# Task goal
Copy out the data below from the line containing "Sub Query의 결과값이" to the line containing "Під час зустрічі", both lines included, with all images left out.

# Material provided
....................
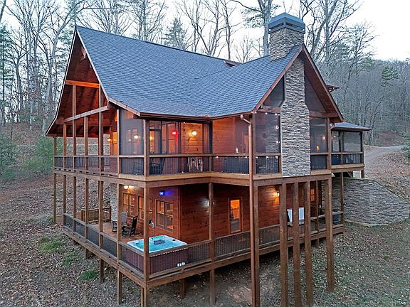 Nestled within the exclusive, gated community of Noontootla Highlands in the Aska Adventure Area, this remarkable mountain retreat seamlessly blends refined luxury with timeless rustic charm. Situated on 8.01 private acres, this 3-bedroom plus loft, 3-bath cabin offers peaceful year-round mountain views from nearly every vantage point. Crafted with hand-hewn log siding, the home welcomes you with rich wood floors, upscale custom cabinetry, and upgraded granite countertops throughout. The open-concept main level is anchored by a dramatic stacked-stone ventless gas log fireplace, creating a warm and inviting atmosphere. The gourmet kitchen features upgraded granite surfaces and sleek black slate appliances, perfect for both everyday living and entertaining. The main-level primary suite offers a serene retreat with a private ensuite bath, while a convenient half bath with laundry completes the level. Outdoor living shines with wrap-around porches and a screened party porch featuring a wood-burning stacked-stone fireplace, ideal for cozy evenings overlooking the mountains. The finished terrace level is designed for entertainment and relaxation, showcasing a game area, great room with stacked stone fireplace, sizeable wet bar and a terrace-level hot tub, all framed by even more great mountain views. This exceptional property provides ample room to build a guest house or garage, offering the flexibility to tailor the estate to your vision. Surrounded by towering hardwoods and tranquil mountain scenery, it is ideally suited as a private mountain escape, luxurious vacation retreat, or desirable investment, where cozy evenings, refined comfort, and the natural beauty of the mountains come together effortlessly.
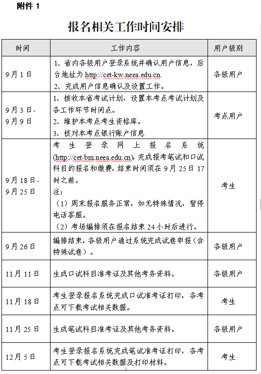 (一)采用全国集中网上报名方式,笔试和口试同时报名,考生登录网上报名系统(http://cet-bm.neea.edu.cn),完成报名和缴费。
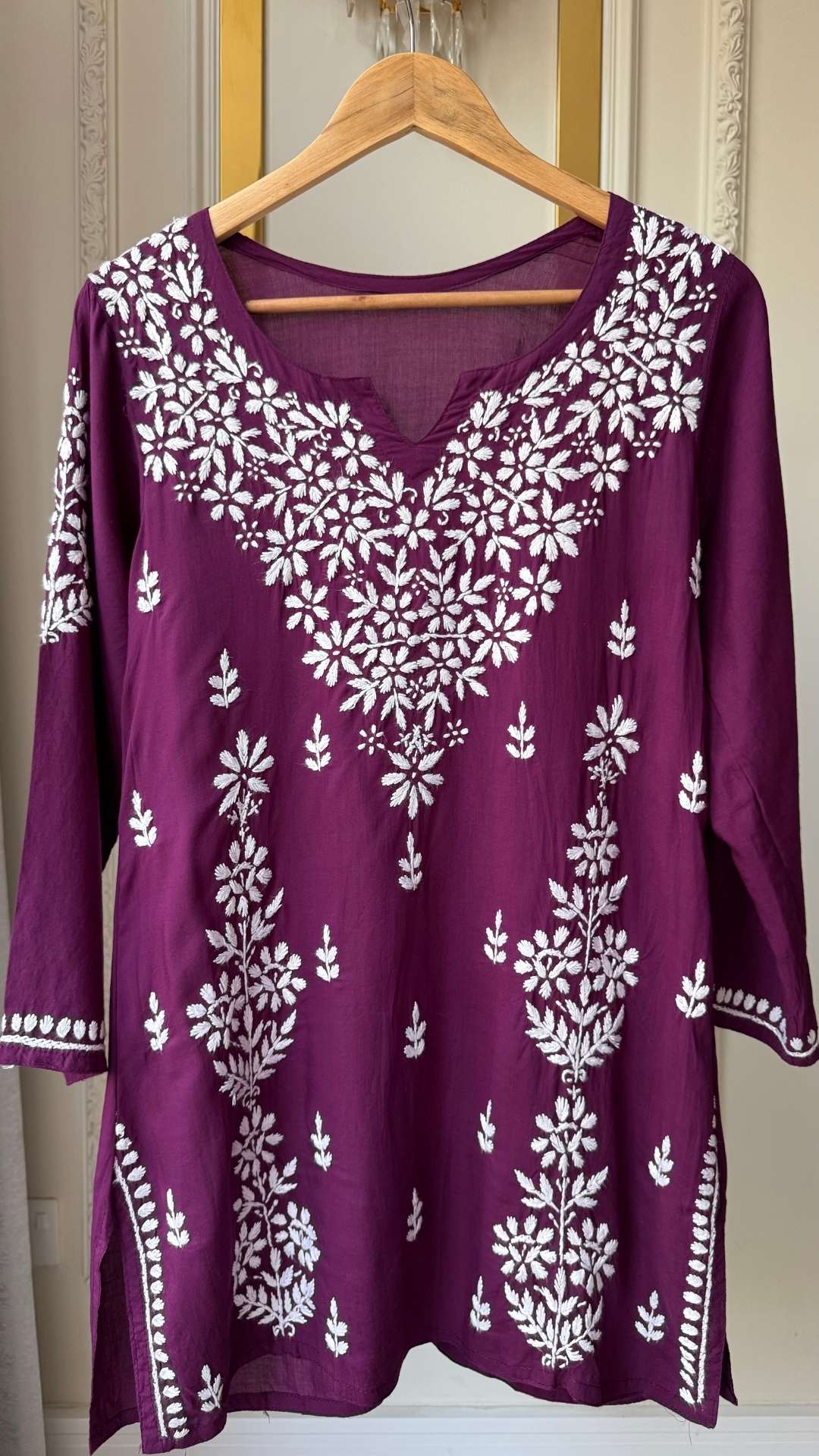 Modal Chikankari Short Top - Wine
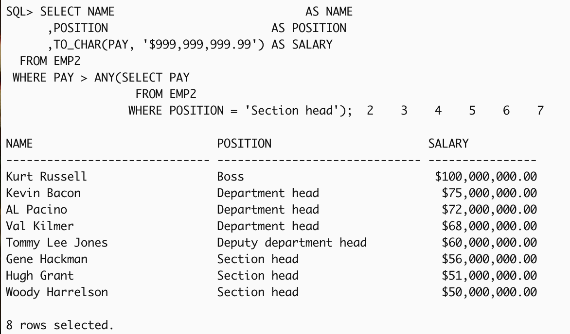 Sub Query의 결과값이 (100, 200, 300) 인 경우(예를 들어) SAL > ANY(100, 200, 300)이 되면 우변은 100(최소값)을 반환하고
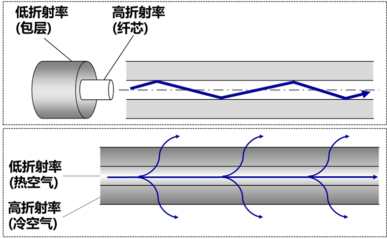 图5:光在光纤中的传播(上)与激光武器的激光束在空气中传播产生的“热晕效应”(下):前者使光的能量保持在纤芯内,后者相反作用促使光束更加向四周发散丨作者绘制
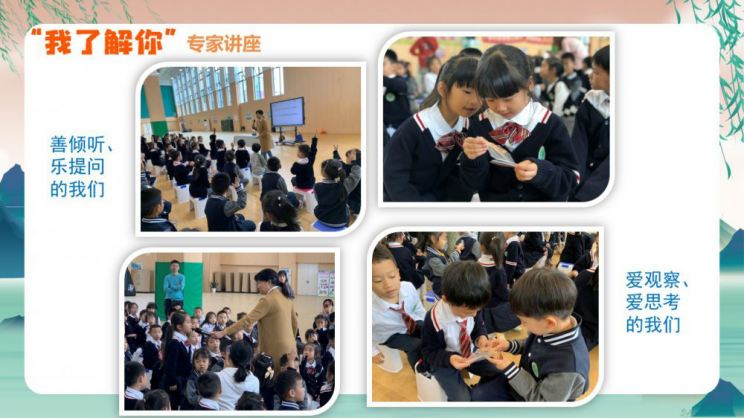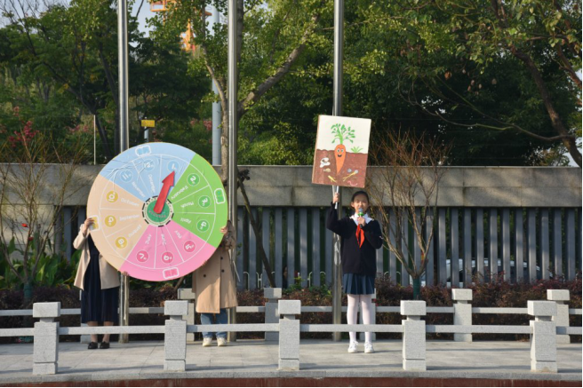 10月17日的早晨阳光明媚,二(7)班蔡灵曦、三(1)班李奕扬、三(4)班肖瑞琪、三(5)班王一格、三(8)班陶王梓、四(4)班葛悠然同学带着他们扮演的粮食向我们走来啦!他们向同学们仔细介绍了胡萝卜、水稻、红薯、土豆、南瓜一年四季的生长变化以及食用功效,同学们收获满满。
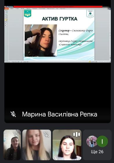 Під час зустрічі було представлено керівника і студентський актив гуртка. Також проговорили мету та завдання діяльності студентського наукового гуртка.
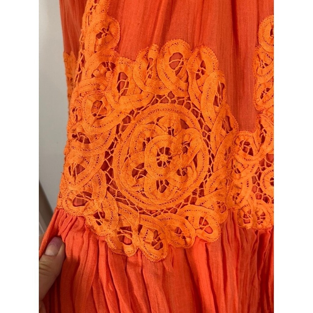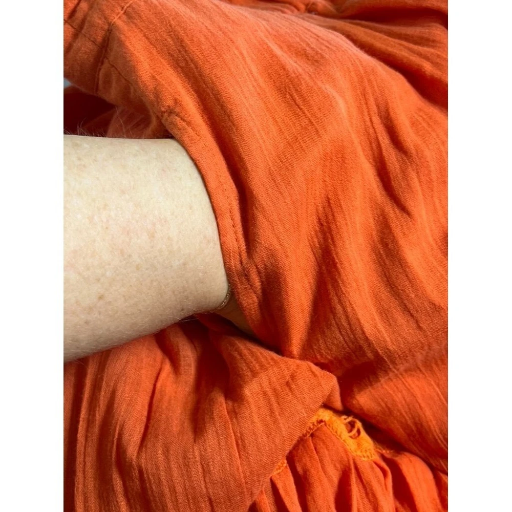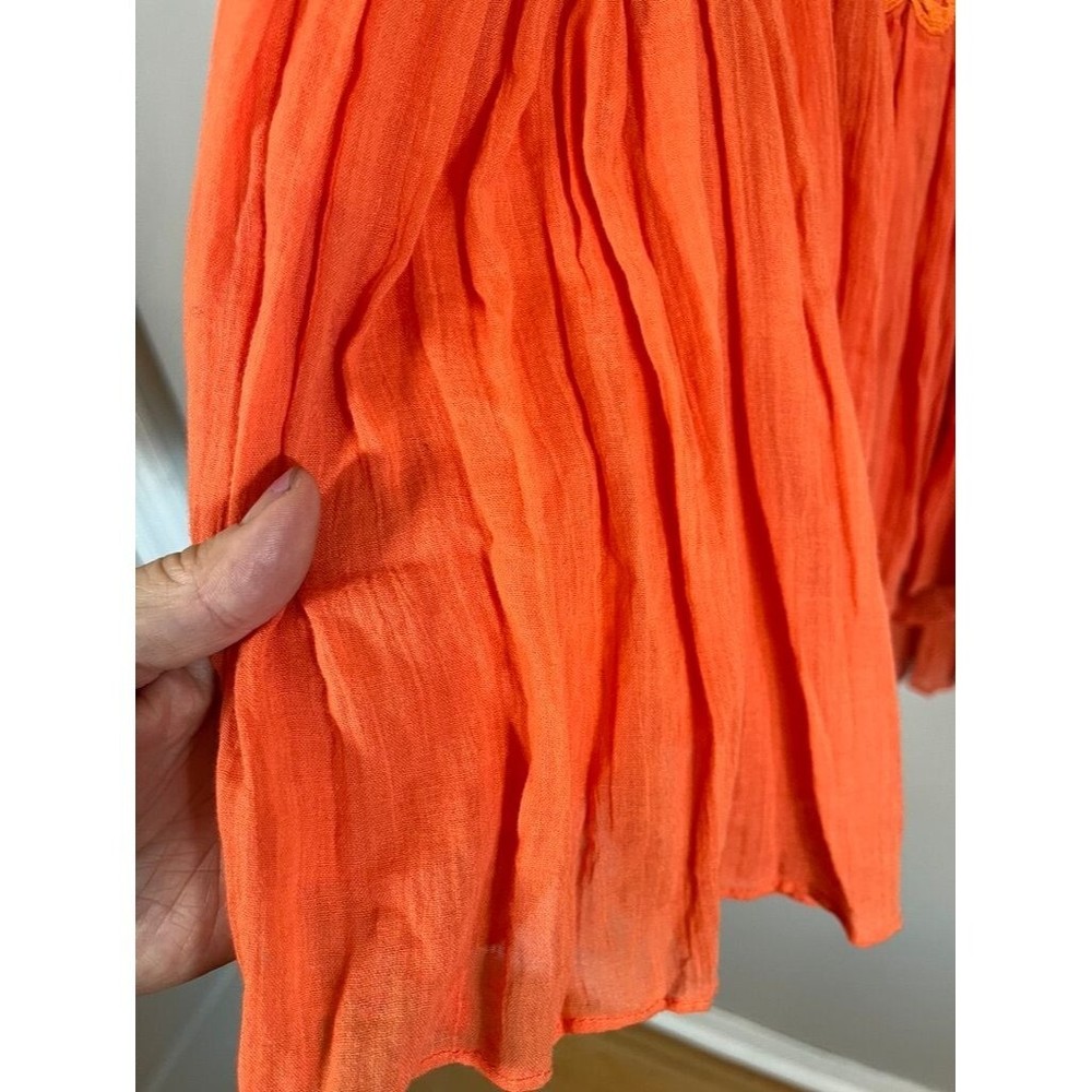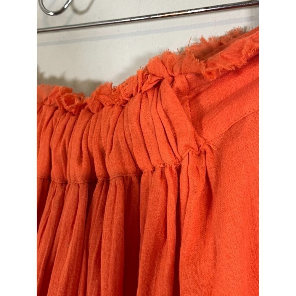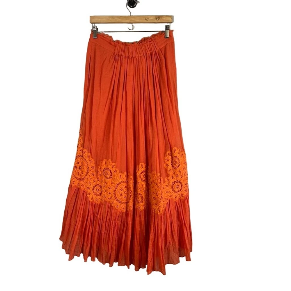 Absolutely love this skirt! The vibrant orange floral embroidery is stunning, and the pleated design gives it such a fun, flowy boho vibe. It’s in amazing pre-owned condition—just a tiny mark that’s barely noticeable. Fits true to size, super comfortable, and perfect for festivals or casual outings. The fabric is lightweight but feels high-quality, and the high waist is flattering. Fast shipping too—got it in no time! Highly recommend for anyone wanting a bold, statement piece.
....................
# Written response
 Sub Query의 결과값이 (100, 200, 300) 인 경우(예를 들어) SAL > ANY(100, 200, 300)이 되면 우변은 100(최소값)을 반환하고
 图5:光在光纤中的传播(上)与激光武器的激光束在空气中传播产生的“热晕效应”(下):前者使光的能量保持在纤芯内,后者相反作用促使光束更加向四周发散丨作者绘制
 10月17日的早晨阳光明媚,二(7)班蔡灵曦、三(1)班李奕扬、三(4)班肖瑞琪、三(5)班王一格、三(8)班陶王梓、四(4)班葛悠然同学带着他们扮演的粮食向我们走来啦!他们向同学们仔细介绍了胡萝卜、水稻、红薯、土豆、南瓜一年四季的生长变化以及食用功效,同学们收获满满。
 Під час зустрічі було представлено керівника і студентський актив гуртка. Також проговорили мету та завдання діяльності студентського наукового гуртка.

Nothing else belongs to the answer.